Черчилль возвращался в Англию уже известным автором. Но пока возможности создавали не его способности, а скорее Дженни Черчилль. Политическая элита Лондона была довольно ограниченным кругом, и мать ввела сына в этот круг, значение чего для будущего Черчилля трудно переоценить. Начиная с 1896 года Черчилль знакомится со всеми ведущими политическими фигурами периода, со всеми звездами писательского мира.
Именно в это время владелец самого большого состояния в Америке (200 млн. дол.) У. Астор попросил руки Дженни Черчилль, и та, по-своему восхищаясь магнатом (сделавшим не только грандиозное состояние, но написавшим две интересные книги, глубоко осведомленным в истории и языках), стояла перед соблазнительной возможностью стать богатейшей женщиной в мире. Но Дженни, во-первых, не любила Астора, во-вторых, она поставила перед собой иную задачу – подготовить политическое будущее Уинстона. Ей важнее было посадить сына за один стол с принцем Уэльским, что она и сделала в конце 1896 года. “Я понял, что должен показать лучшие черты воспитания: пунктуальность, смирение, сдержанность, короче – продемонстрировать все те качества, которыми я был наделен менее всего”,– писал Черчилль. Разумеется, Черчилль опоздал на сорок две минуты и будущий король спросил, учили ли его пунктуальности в армии. Нужно было обладать самоуважением Уинстона Черчилля, чтобы не смутиться.
В августе 1896 года Черчилль признался своей матери, что желает быть членом парламента, но не решается уйти из армии. Полк посылали в Индию. Черчилля, как и многих в его поколении, волновал и манил Восток Редьярда Киплинга. Годы в Индии, для многих английских офицеров запомнившиеся лишь ленью и жарой, стали годами выбора пути для Уинстона Черчилля.

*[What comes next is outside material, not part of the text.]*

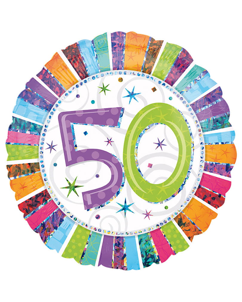 Folienballon 50 Damit der 50. Geburtstag ein unvergesslicher Freudentag wird und das besondere Flair bekommt! Der Folienballon Radiant 50 besteht aus einer Polyethylenfolie auf welche eine Aluminiumfolie mit dem Motiv aufgedampft wurde. Lieferumfang: 1x Folienballon Radiant 50 Farben: Regenbogen Durchmesser: ca. 45 cm Material: Polyethylen und Aluminium Der Folienballon wird unbefüllt versendet Der Folienballon kann mit Helium oder Luft befüllt werdenAchtung: Nicht für Kinder unter 3 Jahren geeignet, da Kleinteile verschluckt werden können. Der Luftballon mit Zeichentrick Motiv wird unbefüllt versendet und kann später von dir mit Helium oder Luft befüllt werden.

В Индии Черчилль снял огромных размеров бунгало “окропленное розовым и белым, с тяжело устланной крышей и большими верандами, держащимися на белых алебастровых колоннах, увитых пурпурными бугенвилями”. Местность вокруг была “ плоской как тарелка и жаркой как очаг”, но вокруг бунгало росли двести с лишним деревьев. В конюшне стояли тридцать лошадей, “нас обслуживали трое слуг… Освобожденные от рутинных забот, мы обратились к подлинно серьезным занятиям” – это означало к игре в конное поло, собиранию коллекции бабочек и ежедневному составлению букета цветов. В письмах полученных от матери мы находим: “Я надеюсь, ты найдешь время для чтения. Подумай, ты пожалеешь о потерянном времени, когда погрузишься в мир политики и ощутишь недостаток знаний”.
Вообще говоря, Уинстон Черчилль сам стал приближаться к этой идее. В письме брату он пишет о достоинствах университетского образования, о рождающийся в нем страсти “иметь хотя бы приблизительное представление о многих сферах мысли”. Здесь сказалось то обстоятельство, что Дженни жила в мировой столице печатного слова. В дело воспитания политика вступили Платон, Аристотель, Дарвин, Мальтус, Паскаль и Адам Смит. В Индии у него, в отличие от Кубы, не было рекомендательных писем к высшим офицерам и чиновникам. Индийские принцы, с которыми он играл в поло, его не интересовали, а британскую колонию в Бангалоре он считал способной лишь на мелкие дрязги. Оставалась программа самообразования.
Неоспоримо, что серьезно историей и мировой политикой Уинстон Черчилль заинтересовался довольно поздно. Уставная практика, ориентация на военных картах, определение основного направления конной атаки – вот чему обучался он в военной школе Сандхерста. До двадцати с лишним лет у него не было особого интереса к дипломатической ориентации Англии и нуждам ее политики. Лишь очутившись в Индии гусаром колониальных войск, у него проснулся интерес к гуманитарному знанию. Нужно было чем-то заполнить томительную послеобеденную сиесту – неотъемлемую часть ежедневного распорядка гарнизонного офицера. Зимой 1896 года в далеком Лондоне мать получила от сына, лейтенанта второго класса кавалерии, довольно неожиданную просьбу: купить восьмитомник Гиббона и сочинения Маколея. Знаменитый трактат Гиббона “Причины упадка и падения Римской империи” произвел на молодого Черчилля неизгладимое впечатление. Эта классика исторической литературы очень отличалась от тех текстов, которые заставляли читать преподаватели частной школы и военного училища. Черчилль пишет: “Теперь, во второй половине залитого солнечными лучами индийского дня, когда мы покидаем свои казармы, я поглощен чтением Гиббона. Я безоглядно погрузился в это повествование и наслаждаюсь каждой деталью. Свои собственные мысли я заношу на полях”. Его правилом стало поглощать пятьдесят страниц Маколея и двадцать пять страниц Гиббона каждый день.